Just as a bonus I let you here how to change the desirability definition.

## Change the desirability

In [19]:
# Save the new config as a yaml file
tune_config = new_config.copy()
tune_config['01_grow']['costfunc_kwargs']['desirability'] = {
        'qed': {
            'w': 1,
            'LargerTheBest': {
                'LowerLimit': 0.1,
                'Target': 0.75,
                'r': 1
            }
        },
        'sa_score': {
            'w': 1,
            'SmallerTheBest': {
                'Target': 3,
                'UpperLimit': 7,
                'r': 1
            }
        },
        'vina_score': {
            'w': 1,
            'SmallerTheBest': {
                'Target': -8,
                'UpperLimit': -3,
                'r': 1
            }
        }
    }

with open(os.path.join(wd, 'tune_config.yml'), 'w') as f:
    yaml.dump(config, f)
os.listdir(wd)


['02_allow_grow_pop.sdf',
 '04_local_pop.sdf',
 'new_config.yml',
 '01_grow_result.pbz2',
 'x0161.pdbqt',
 '03_pure_mutate_pop.sdf',
 '04_local_result.pbz2',
 '01_grow_pop.sdf',
 '03_pure_mutate_result.pbz2',
 'crem.db.gz',
 '03_pure_mutate_pop.pbz2',
 'tune_config.yml',
 'ref.sdf',
 'config.yml',
 'error.tar.gz',
 '02_allow_grow_result.pbz2',
 'crem.db',
 '01_grow_pop.pbz2',
 '02_allow_grow_pop.pbz2',
 '04_local_pop.pbz2',
 'x0161.pdb']

In [20]:

cwd = os.getcwd()
os.chdir(wd)
! moldrug tune_config.yml
os.chdir(cwd)
os.listdir(wd)
os.chdir(cwd)

Started at Mon Sep  4 18:45:47 2023
You are using moldrug: 3.4.0.

CommandLineHelper(yaml_file='tune_config.yml', fitness=None, outdir=None, continuation=False)

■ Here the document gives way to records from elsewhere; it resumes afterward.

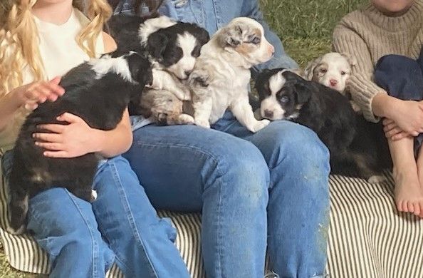 VenmoPurebred Aussie puppies. The best family / companion dog you could ever hope for. Beautiful, smart, obedient and driven to please. These puppies are well loved and socialized. Raised in a clean, enriched environment being exposed to kids, cats, poultry and other animals. Current on deworming, and have their first shots. Tails are docked and dew claws removed. Ready to go to their new homes now. We have owned and loved their Mother, Grandmother, and Great Grandmother. They have all been sweet, easy, strong, healthy perfect family pets. Purebred but not registered Standard Aussies. Mother is 16” tall and 30 lbs. Father 20” and 45 lbs. Perfect size to keep up with you and go anywhere.
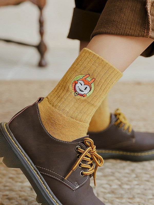 かわいい猫の刺繍入りふくらはぎソックス
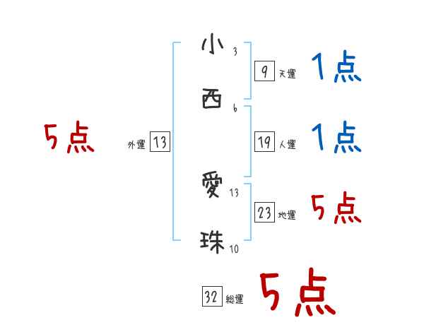 総運![]() | 小西愛珠さんの総運は32画の5つ星!柔軟性があり成功する。チャンスが多く金運が良い。 あなたの人生を表す1番重要な運勢です。生涯を通じて影響する総合運となり、主に50歳以降の晩年期に影響を及ぼします。 |
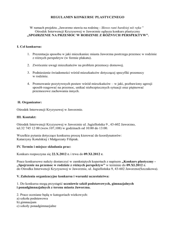 REGULAMIN KONKURSU PLASTYCZNEGO W ramach projektu „Jaworzno stawia na rodzinę - Słowo rani bardziej niż ręka ” Ośrodek Interwencji Kryzysowej w Jaworznie ogłasza konkurs plastyczny „SPOJRZENIE NA PRZEMOC W RODZINIE Z RÓŻNYCH PERSPEKTYW”. I. Cel konkursu: 1. Prezentacja sposobu w jaki mieszkaniec miasta Jaworzna postrzega przemoc w rodzinie z różnych perspektyw (w formie plakatu). 2. Zwrócenie uwagi mieszkańców na problem przemocy domowej. 3. Podniesienie świadomości wśród mieszkańców dotyczącej specyfiki przemocy w rodzinie. 4. Promowanie pozytywnych postaw wśród mieszkańców – w jaki, pozbawiony agresji sposób reagować na przemoc, unikać niebezpiecznych sytuacji oraz piętnować przemocowe zachowania innych. II. Organizator: Ośrodek Interwencji Kryzysowej w Jaworznie. III. Kontakt: Ośrodek Interwencji Kryzysowej w Jaworznie ul. Jagiellońska 9 , 43-602 Jaworzno, tel.32 745 12 00 (wew.107,108) w godzinach od 10:00 do 13:00. Wszelkie pytania dotyczące konkursu proszę kierować do koordynatorów: Katarzyny Kotulskiej i Małgorzaty Filipiak. IV. Termin i miejsce składania prac: Konkurs rozpoczyna się 22.X.2012 r. i trwa do 09.XI.2012 r. Prace konkursowe należy dostarczyć w zamkniętych kopertach z napisem „Konkurs plastyczny „Spojrzenie na przemoc w rodzinie z różnych perspektyw” w terminie do 09.XI.2012 r. do Ośrodka Interwencji Kryzysowej w Jaworznie, ul. Jagiellońska 9, 43-602 Jaworzno(Szczakowa). V. Założenia organizacyjne konkursu i warunki uczestnictwa: 1. Do konkursu mogą przystąpić uczniowie szkół podstawowych, gimnazjalnych i ponadgimnazjalnych z terenu miasta Jaworzna. 2. Prace oceniane będą w kategoriach wiekowych: a) szkoła podstawowa b) gimnazjum c) szkoły ponadgimnazjalne 2. Jedna osoba może zgłosić do konkursu tylko jedną pracę. 3. Nie przyjmujemy prac zbiorowych. 4. Temat pracy: „Spojrzenie na przemoc w rodzinie z różnych perspektyw”. 5. Forma pracy: - format A4 (kartka z bloku technicznego) - technika wykonania pracy - dowolna 6. Każda praca musi być opatrzona na odwrocie czytelnym opisem zawierającym następujące informacje: a) Imię i nazwisko autora pracy, klasa, szkoła (adres i telefon szkoły) oraz imię i nazwisko oraz telefon kontaktowy do opiekuna pod kierunkiem, którego została praca wykonana. b) Do pracy proszę dodatkowo dołączyć zgody o treści: „Wyrażam zgodę na prezentację i publikację mojej pracy przez Ośrodek Interwencji Kryzysowej w Jaworznie na stronach internetowych i w mediach”(zał. 1). „Wyrażam zgodę na przetwarzanie moich danych osobowych dla potrzeb procesu rekrutacji (zgodnie z ustawą o ochronie danych osobowych z dnia 29.08.1997 Dz.U. z 2002 r. Nr 101, pozycja 926 z późniejszymi zmianami)" (zał. 2). c) Osoby niepełnoletnie dołączają w/w zgody podpisane przez rodziców lub opiekunów prawnych. d) Organizatorzy nie zwracają nadesłanych prac, natomiast w stosunku do nagrodzonych prac zastrzegają sobie prawo do ich prezentacji i publikacji bez honorarium za prawa autorskie na stronach internetowych i w mediach. 7. W konkursie mogą brać udział jedynie te prace, które nie były publikowane oraz nie brały udziału w żadnym konkursie. 8. W konkursie mogą brać udział jedynie prace będące wynikiem indywidualnej pracy twórczej, nie zawierające słów powszechnie uznanych za obraźliwe, cytatów, nie naruszające praw autorskich oraz jakichkolwiek innych praw osób trzecich. 9. Złamanie postanowień regulaminu wiąże się z dyskwalifikacją zgłoszonej pracy. 10.Laureaci konkursu oraz Szkoły zostaną poinformowani o wynikach konkursu telefonicznie oraz pocztą elektroniczną. 11. Prezentacja nagrodzonych prac i uroczyste wręczenie nagród odbędzie się podczas Seminarium „Jaworzno stawia na rodzinę – Słowo rani bardziej niż ręka” w Sali Obrad Urzędu Miejskiego w Jaworznie dnia 05.12.2012 r. VI. Jury: 1. Wszystkie prace nadesłane do konkursu podlegają ocenie Jury powołanego przez Organizatorów. 2. Z przebiegu konkursu Jury przygotowuje protokół zawierający listę laureatów. 3. Spośród nadesłanych prac konkursowych, Jury wybierze po trzy prace w każdej kategorii wiekowej, które zajmą I miejsce, II miejsce i III miejsce. VII. Kryteria oceny prac konkursowych 1. Jury dokonuje oceny po zakończeniu okresu trwania konkursu biorąc pod uwagę jakość, oryginalność, wyjątkowość złożonych prac. VIII. Nagrody: 1. Uczniowie, którzy zajmą trzy pierwsze miejsca w swojej kategorii wiekowej otrzymają nagrody rzeczowe. X Sekretarz konkursu 1.Sekretarzem konkursu jest Małgorzata Filipiak – pracownik Ośrodka Interwencji Kryzysowej w Jaworznie. 2. Sekretarz konkursu przyjmuje dostarczone prace i przekazuje Jury. XII. Postanowienia końcowe 1. Prace pisemne po zakończeniu konkursu nie będą odsyłane autorom. 2. Decyzja jury jest ostateczna (nie przysługuje odwołanie od werdyktu). 3. Udział w konkursie jest równoznaczny z akceptacją niniejszego regulaminu. 4. Regulamin dostępny jest na stronie internetowej Ośrodka Interwencji Kryzysowej w Jaworznie – www.oik.jaworzno.pl ZAŁĄCZNIK NR 1 Jaworzno, dn. ............................. ZGODA „Wyrażam zgodę na prezentację i publikację mojej pracy/pracy mojego dziecka* przez Ośrodek Interwencji Kryzysowej w Jaworznie na stronach internetowych i w mediach”. ........................................................... czytelny podpis * niepotrzebne skreślić ZAŁĄCZNIK NR 2 Jaworzno, dn. ............................. ZGODA "Wyrażam zgodę na przetwarzanie moich danych/danych mojego dziecka* osobowych dla potrzeb procesu rekrutacji (zgodnie z ustawą o ochronie danych osobowych z dnia 29.08.1997 Dz.U. z 2002 r. Nr 101, pozycja 926 z późniejszymi zmianami)". ........................................................ czytelny podpis * niepotrzebne skreślić

Creating the first population with 10 members:
100%|███████████████████████████████████████████| 10/10 [01:12<00:00,  7.27s/it]
Initial Population: Best Individual: Individual(idx = 1, smiles = N#CCOC(=O)c1ccc(S(N)(=O)=O)cc1, cost = 0.5520254583868194)
Accepted rate: 10 / 10

File 01_grow_pop.sdf was createad!
Evaluating generation 1 / 2:
100%|█████████████████████████████████████████████| 5/5 [01:32<00:00, 18.58s/it]
Generation 1: Best Individual: Individual(idx = 1, smiles = N#CCOC(=O)c1ccc(S(N)(=O)=O)cc1, cost = 0.5520254583868194).
Accepted rate: 4 / 5

Evaluating generation 2 / 2:
100%|█████████████████████████████████████████████| 5/5 [01:23<00:00, 16.72s/it]
File 01_grow_pop.sdf was createad!
Generation 2: Best Individual: Individual(idx = 1, smiles = N#CCOC(=O)c1ccc(S(N)(=O)=O)cc1, cost = 0.5520254583868194).
Accept

In [21]:
result = utils.decompress_pickle(os.path.join(wd, '04_local_result.pbz2'))
valid_individuals_vina_score = [individual.vina_score for individual in result.pop if individual.vina_score != np.inf]
print(f"avg = {np.average(valid_individuals_vina_score)}")
print(f"min = {min(valid_individuals_vina_score)}")
print(f"max = {max(valid_individuals_vina_score)}")


avg = -5.1836
min = -5.727
max = -4.8


As you see the maximum is much lower than the rest of the examples. So, we get some improvements changing the desirability.